The title here is taken from a very good book by Richard Rohr, who has been quite influential for me. In the book Richard talks about two halves, or movements, of life. The first movement is to build a life, build a healthy ego – build a career, a family, a life. The second half of life is about meaning, purpose – what does my life mean and what is it for, in the end? Typically, the second half is a transformative journey, and we generally don’t take these journeys willingly. So we must fall upward: we typically enter the second half of life when we fail at something, or lose control – when a marriage falls apart, a career or our health is lost, when we wake up to an addiction, and so forth.
I believe my United Church is falling upward. Over the past few decades, we have been in decline.
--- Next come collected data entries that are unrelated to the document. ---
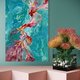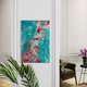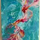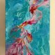 原创抽象压克力画 • 流体艺术 墙壁挂画 25x30cm 蓝绿色、白色、金色
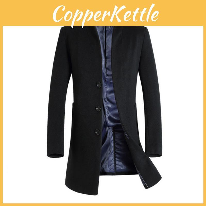 Luxurious Mens Winter Formal Trench Coat Double Breasted Long Wool Jacket Outwear
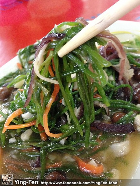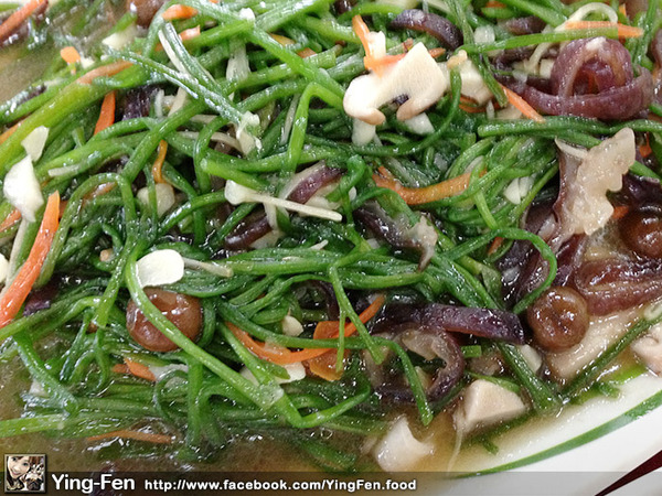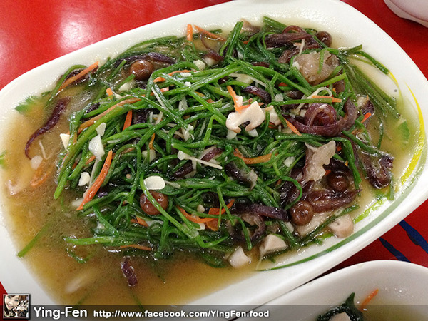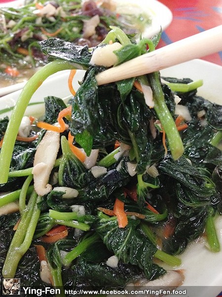 跟台北的不一樣,這裡炒的水蓮旁邊還有加一些,紅蘿蔔絲、木耳和香菇,讓整盤菜顏色好豐富,看了就胃口大開。
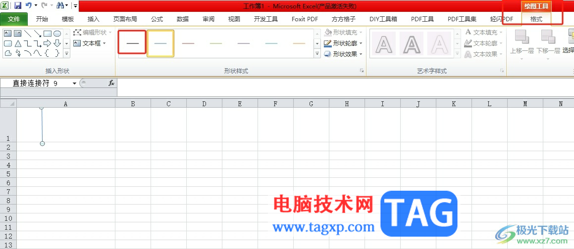 4.这时用户就可以在单元格中绘制直线,并在绘图工具的格式选项卡中将直线颜色设置与单元格边框一样的颜色
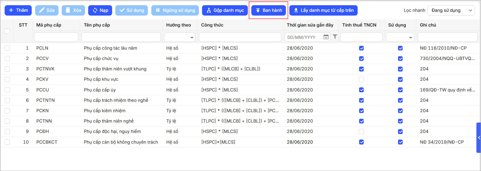 Đơn vị chủ quản (Nội vụ) ban hành danh mục phụ cấp cho các đơn vị cấp dưới. Lưu ý: Đơn vị chủ quản Tài chính (Sở tài chính) không ban hành được danh mục phụ cấp.
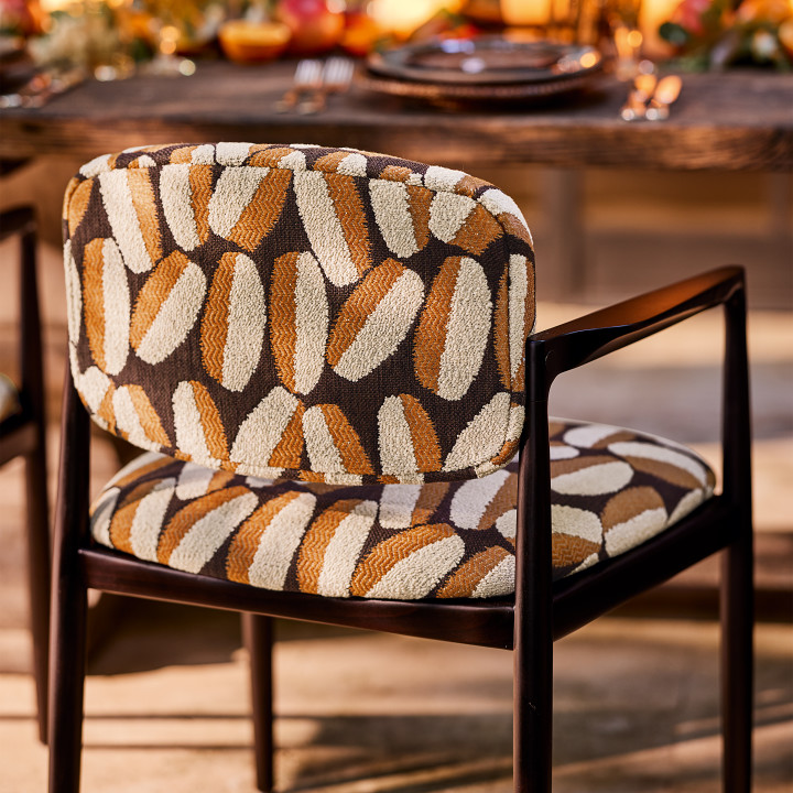 Timor Outdoor è una dichiarazione visiva di grande impatto che vede forme ovali astratte formate da filati bouclé tattili abilmente integrati in una trama jacquard per creare un gioco di texture accattivante. Presentato in una palette di colori audaci e contemporanei, il risultato è un tessuto per esterni di grande effetto, che non passa inosservato.
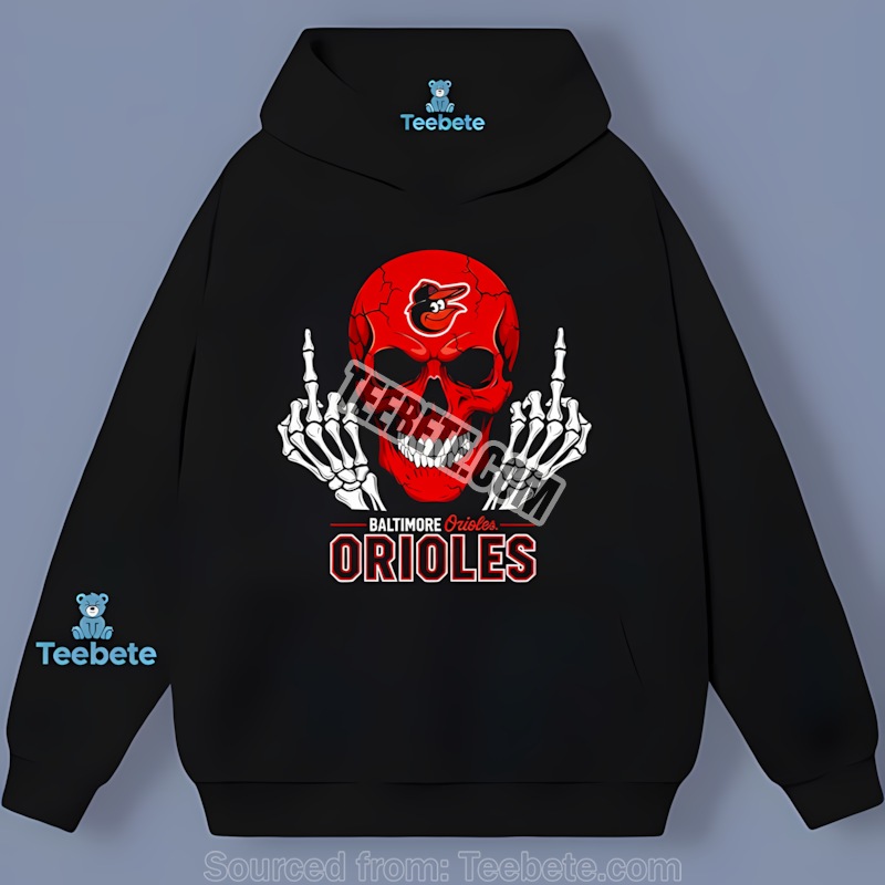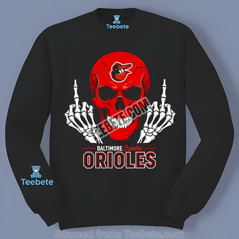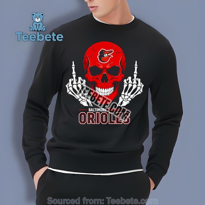 Don’t miss out on the chance to own this unique piece of fan apparel. Order your Baltimore Orioles Skull Middle Finger Graphic Shirt from Teebete today!
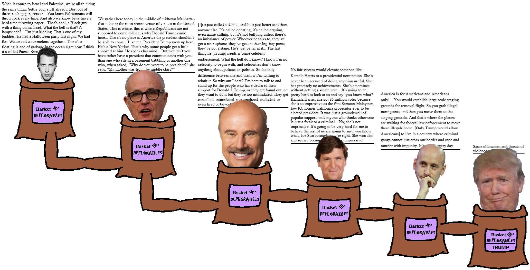The denial was meant to bolster his common person cred, as was his assertion that, like celebrities, he knew nothing about politics and policies. He was a little...confused. But he got back on track with the assertion that regular Americans - like Dr. Phil, who will be signing copies of his new book, I'm OK, You're a Fascist Democratic Commie Bastard!, by the concession stand next to exit G7 after the rally - were being cancelled by censorious lefties. Like Jeff Bezos, who would rather the Washington Post not run an editorial endorsing a candidate in the election than support Kamala Harris. Like Elon Musk, who has turned TwitterX into a cesspool of fascist hate. Or Fox News. Or rabid right-wing talk radio. Or fanatical right-wing blogs. Or zealous right-wing podcasts. Where, oh, where can right-wing Americans find representations of their points of view?
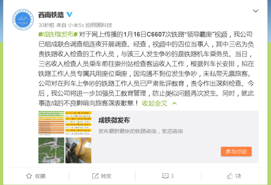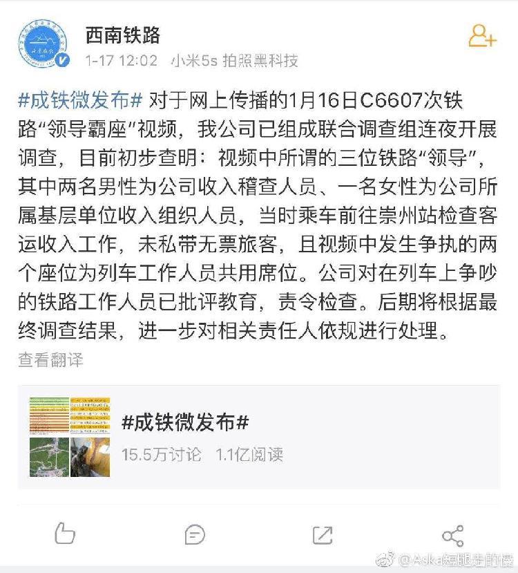 1月17日12:02,中國(guó)鐵路成都局集團(tuán)有限公司官微發(fā)布消息稱,對(duì)于網(wǎng)上傳播的1月16日C6607次鐵路"領(lǐng)導(dǎo)霸座"視頻,我公司已組成聯(lián)合調(diào)查組連夜開(kāi)展調(diào)查,目前初步查明:視頻中所謂的三位鐵路"領(lǐng)導(dǎo)",其中兩名男性為公司收入稽查人員、一名女性為公司所屬基層單位收入組織人員,當(dāng)時(shí)乘車前往崇州站檢查客運(yùn)收入工作,未私帶無(wú)票旅客,且視頻中發(fā)生爭(zhēng)執(zhí)的兩個(gè)座位為列車工作人員公用席位。公司在對(duì)列車上爭(zhēng)吵的鐵路人員已批評(píng)教育,責(zé)令檢查。后期將根據(jù)最終調(diào)查結(jié)果,進(jìn)一步對(duì)相關(guān)責(zé)任人依規(guī)進(jìn)行處理。
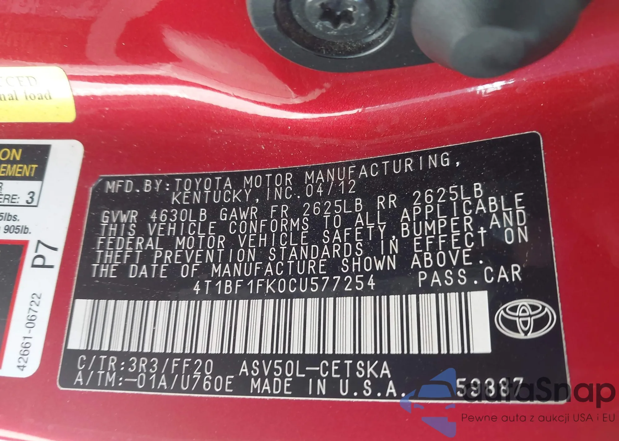 VIN: 4T1BF1FK0CU577254

We have moved from being Canada’s largest protestant denomination, thinking of ourselves as “Canada’s church,” to now, where our membership and our staff are dwindling, we are closing more than a church per week, and things look bleak. All this has engendered hand-wringing, soul-searching, and a frantic search for something that might work to turn things around.
All of my ministry has been served in this time of decline. I’m not blaming anyone but me here (and this will be worth a post later on) but that cast a pall over my ministry, added a sense of anxiety and failure to the totality of my work and vocation. I’m not saying that’s what should have happened, only that that is what I have experienced. Now, I’m thinking that somehow we have (I have) both not taken the failure of the United Church seriously enough, and taken it too seriously.
Over the decades of my candidacy and ministry, the church has struggled through several controversies and scandals. There was inclusive language at first, which then spun wider into a controversy around human sexuality in general. And in the course of that controversy, I think we have discovered that we have inflicted profound harm on people who are lesbian, gay, trans, bi, queer, intersex… Anyone who does not fit what we deemed to be the “norm.” We have judged, excluded, yes and hated. We have systematically discriminated against women, subjecting them to all sorts of violence and denigration. This is not minor.
At around the same time, though the issue has been slower to gain strength in the church, we became aware of the residential schools, and the participation by the church in a program of genocide. We so desperately need to think of ourselves as the “good guys,” and here we are, squarely in the place of the villain. “Perpetrators of genocide” is not a phrase I want associated with me, or my people. From here we have gone on, we are going on, to discover that we are part of a systematically racist society, a systematically white supremacist society. And somehow our church, my church, has not historically been struggling against the white supremacy but has been actively upholding it. Our most recent General Council was notable for a discussion on the floor in which non-white United Church people told of their experience of racism within the systems and structures and communities of the church.
The inexorable approach of climate change, mass extinction, and ecological disaster has also made us aware of the theology that lies behind the colonial exploitation of creation. Our consumer society today, and the colonial society from which it arises, have treated the earth as if it were simply a cache of raw materials for us to exploit, and a place to throw our waste. Oh, I know that is too simple by far, but our societal systems are built much more on those assumptions than, say, on an assumption that the earth is of value in itself, sacred. We have filled the earth and subdued it, to such an extent that this earth may, in the foreseeable future, have difficulty sustaining human life.
I have taken the failing of the church too seriously in that the institutional success or failure of any particular church or denomination is probably of negligible importance in this world.
I have not taken the failing of the church seriously enough in that these are the failings, this is the falling, that could bring us to either extinction or transformation.
The strength and hope that I see in the United Church is simply that we are allowing ourselves to hear and see our own failing. The shock of our own racism, sexism, white supremacy, consumerism and greed – it allows us to be addressed by the gospel in a much more authentic way. This could be the Friday of our Holy Week, if we resist the impulse to put ourselves on life support. There could be an Easter ahead of us, if we allow ourselves to fall upward.